Reputation: 69
df = pd.concat(map(pd.read_csv, ['A.csv','B1.csv','B2.csv','B3.csv', 'C1.csv', 'C2.csv','C3.csv']))
As shown above, I used multiple datasets to train and test classification supervised ML models.
classes = ['Good','Bad']
def plot_confusionmatrix(prediction,real,dom):
print(f'{dom} Confusion matrix')
cf = confusion_matrix(prediction,real)
sns.heatmap(cf,annot=True,yticklabels=classes
,xticklabels=classes,cmap='Blues', fmt='g')
plt.tight_layout()
plt.show()
I wanted to ask if instead of showing the confusion matrix among the entire testing set, how can I focus only on those samples coming from the A dataset? I am interested in seeing how these samples are classified.
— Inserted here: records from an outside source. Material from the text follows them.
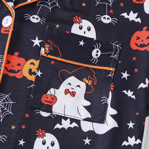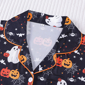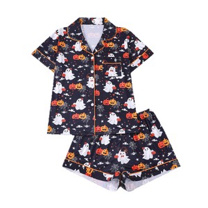 跨境外贸新款欧美女士睡衣万圣节印花翻领短袖短裤欧美家居服套装
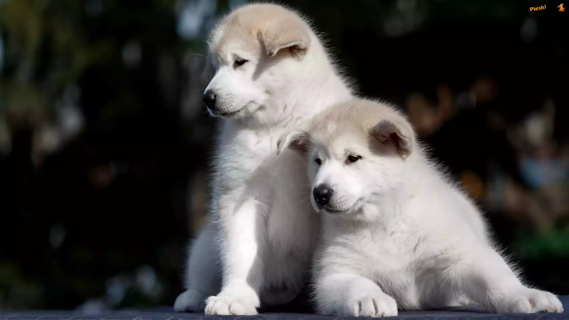 Szczeniaki, Dwa, Białe, Akita inu
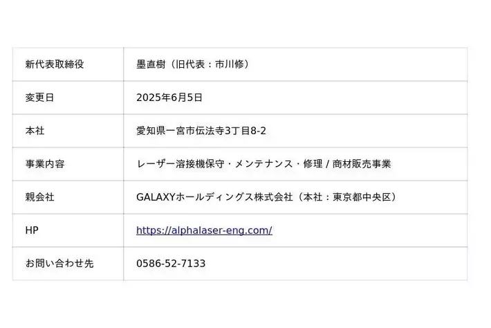 ALPHA LASER ENGINEERING株式会社、代表取締役交代およびGALAXYホールディングスグループに参画
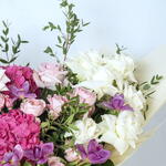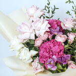 Bouquet élégant de roses mélangées – fleurs fraîches roses, blanches et violettes Faites plaisir à vos proches avec notre bouquet élégant de roses mélangées, qui présente une superbe combinaison de fleurs fraîches roses, blanches et violettes. Parfaitement enveloppé d'un feuillage luxuriant, ce bouquet est idéal pour les anniversaires et autres occasions spéciales. Confectionné avec soin, ce bouquet de fleurs éclatantes apporte une touche d'élégance à n'importe quel cadre. Commandez maintenant pour une livraison le jour même et égayez la journée de quelqu'un avec cet arrangement floral charmant !

Edit: As suggested, I added a column for each dataset and then I merged them.
A['Dataset'] = "A"
B1['Dataset'] = "B1"
B2['Dataset'] = "B2"
B3['Dataset'] = "B3"
C1['Dataset'] = "C1"
C2['Dataset'] = "C2"
C3['Dataset'] = "C3"
Solution:
df_train, df_test= train_test_split(df, test_size = 0.33, random_state = 42)
X_train = df_train.drop(['Label', 'Dataset'], axis=1)
y_train = df_train['Label']
X_test = df_test.drop(['Label', 'Dataset'], axis=1)
y_test = df_test['Label']
rfc = RandomForestClassifier(n_estimators=100, random_state=0)
rfc.fit(X_train, y_train)
y_pred = rfc.predict(X_test)
for dataset_name in ['A']:
dataset_df_test = df_test[df_test['Dataset'] == dataset_name]
dataset_y_test = y_test.iloc[dataset_df_test.index]
dataset_y_pred = y_pred[dataset_df_test.index]
plot_confusionmatrix(dataset_y_pred, dataset_y_test, dom='Test')
Upvotes: 0
Views: 117
Reputation: 319
Seems like there is no other way except plotting confusion matrix for each subset separately. It must be easy to do in your case by iterating through all dataset names, selecting corresponding rows from y_test_DT_predicted
and y_test
for each dataset and using selected values in plot_confusionmatrix
call. Don't forget to manage multiple subplots in plt
and call plt.show()
once at the end of the loop.
Upvotes: 1